Situated between the Midwestern prairies and the Canadian Rockies, Calgary’s success and development are due, almost completely, to its oil industry. But North America’s petroleum capitol has become a surprisingly green place.
While the city’s economy remains closely tied to the extraction of black gold, it is not plagued by the side effects usually associated with the industry. In fact, Calgary has been building an impressive résumé of eco-friendly credentials.
Calgary came out on top in the environmental category of the well-known, annual quality of life study by consulting firm Mercer, even surpassing the enviable green scenes of Canada’s other major metropolitan areas.

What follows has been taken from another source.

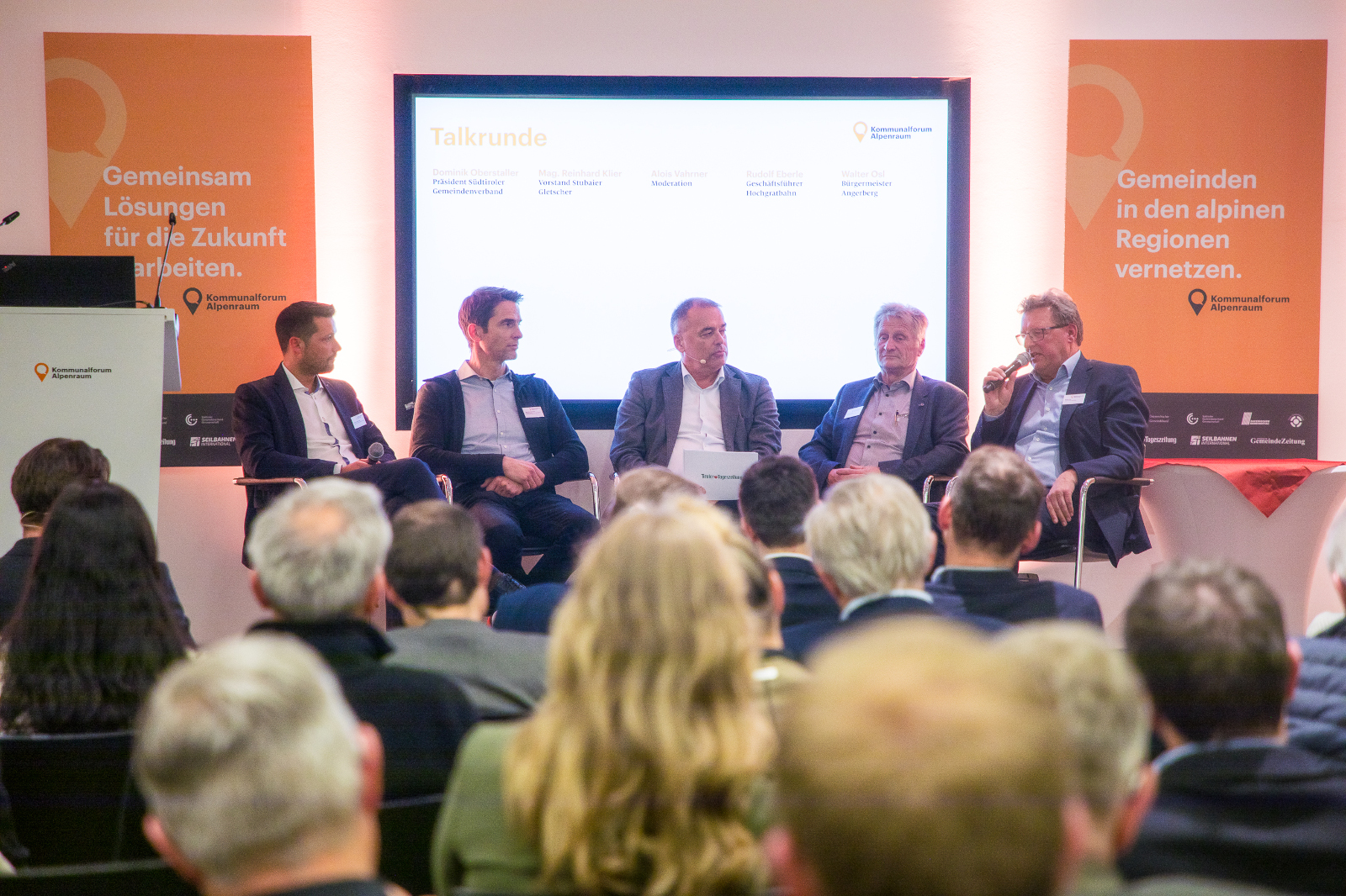 In der abschließenden Talkrunde diskutierten Reinhard Klier (Vorstand Stubaier Gletscher), Rudolf Eberle (Geschäftsführer Hochgratbahn), Walter Osl (Bürgermeister Angerberg) und Dominik Oberstaller (Präsident Südtiroler Gemeindenverband). Das Fazit: Dank technischer Beschneiung und laufender Innovationen sind die Regionen im Alpenraum gut aufgestellt, um die Herausforderungen der Zukunft zu bewältigen.

Calgary’s image as an oil town brings to mind negative stereotypes, especially for eco-tourists. But the clean water and air that earned it such a high ranking in the Mercer survey are only two of Calgary’s Earth-friendly traits. Other green features range from the practical (great public transit and plenty of green hotel options) to the edible (organic restaurants and farmers markets) to the entertaining (a world-class zoo).
Calgary has managed to be practical about its economy — without the oil industry, there would be no Calgary — while growing its green culture and making it easy for residents and visitors to live an Earth-friendly life.

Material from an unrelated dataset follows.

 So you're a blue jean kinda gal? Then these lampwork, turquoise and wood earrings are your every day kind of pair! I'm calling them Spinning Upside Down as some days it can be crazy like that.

Calgary has several hotels with a respectable measure of environmental consciousness. Big names like Radisson, Fairmont and Marriott are all options for travelers who want a venue that gives them the chance to leave a lower-than-normal footprint during their Calgary stay. The Green Key Eco-Rating website gives a complete list of green hotels in Calgary and wider Alberta (the above-mentioned brands were all awarded four green keys out of a possible five).
Those who want to spend a longer amount of time in Calgary, or who want an alternative to the usual hotel experience, would do well to consider the O Hotel Suites. These high-end suites are furnished with high-efficiency appliances including convection ovens. Bath products come in recyclable packages, and low-flow toilets, faucets and shower heads keep water waste to a minimum.

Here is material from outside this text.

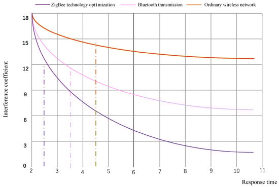 It can be seen from Figure 13 that there are apparent interference effects when the response time of ordinary wireless networks and Bluetooth transmission reaches 2 S. The wireless sensor network optimized by ZigBee technology has a longer anti-interference time and more obvious advantages than the other two. This research not only makes a comparison of multiple routes in terms of energy consumption but also shows a clear distinction in terms of data transmission efficiency and transmission accuracy. Therefore, it proves that a ZigBee energy-optimized wireless sensor network can be effectively applied in the data monitoring system.

During the warmer months, numerous campgrounds in and around the city make camping a viable sleeping option.
Like many other places with similar population numbers, most Calgary residents rely on cars. However, there is also an impressive public transit system. The light-rail network, known as the C-Train, has three lines that spike off of one main route. Most major sites in the city can be reached by rail, while those farther afield are reachable by bus.
Many of Calgary’s neighborhoods, including the central district, are walkable. Winter does not stop pedestrians from traversing downtown. The Plus-15 skyway system makes it possible to travel around the city’s core without having to step outside into Alberta’s winter winds.
Some Calgary-dwelling diehards ride bicycles year-round, but summer is the best time to take advantage of the almost unbelievable network of bike trails and on-street bike lanes. There are over 600 kilometers of bike-only paths throughout the city, with another 200-plus kilometers of bike lanes on city streets. This impressive system makes biking the most practical carbon-free way to get around. Bikes can be taken on public transit during non-peak hours.
There are plenty of restaurants supporting local farmers and sustainable growing practices. The menu at the aptly named Farm focuses on simple dishes that change seasonally depending on what is available. An open kitchen adds to the down-to-earth vibe. Though Farm does not work exclusively with local growers, its products are sourced from sustainable farms.
Organic enthusiasts who want to do their own shopping will be content at either of the two Calgary locations of the Planet Organic chain. The franchise sells organic food from Canadian growers. It has adopted Earth-friendly practices like using biodegradable bags and packaging materials.
Calgary’s Mount Royal University is attempting to bring eco-tourism in central and western Canada to the mainstream by training the next generation of green-travel professionals. The school offers one of the more unusual degree programs in North America: a bachelor’s degree in “applied eco-tourism and outdoor leadership.”
The Calgary Zoo is not only one of Canada’s premiere zoological gardens, it is also one of the more creative when it comes to conservation. Partnering with Alberta-based Civilized Adventures travel company, the zoo offers “ZooFaris” to exotic locations in Africa, Asia and Latin America. All proceeds from these trips go to the zoo’s conservation fund. Much of the fund’s money is sent to the Centre for Conservation Research, which seeks to reintroduce endangered species to Canada’s wildernesses and to preserve damaged or endangered eco-systems.
Calgary’s location offers easy access to the foothills of Canada’s Rockies. There are plenty of options for those who want to get out into nature, either on the prairie or in the mountains. Biking and hiking trails abound, and make Calgary a great base for eco-tourists.
Calgary is, surprisingly to many, an environmentally conscious city. Green-minded travelers who can push images of oil derricks out of their imaginations may find themselves pleasantly surprised by this progressive metropolis in Canada’s heartland.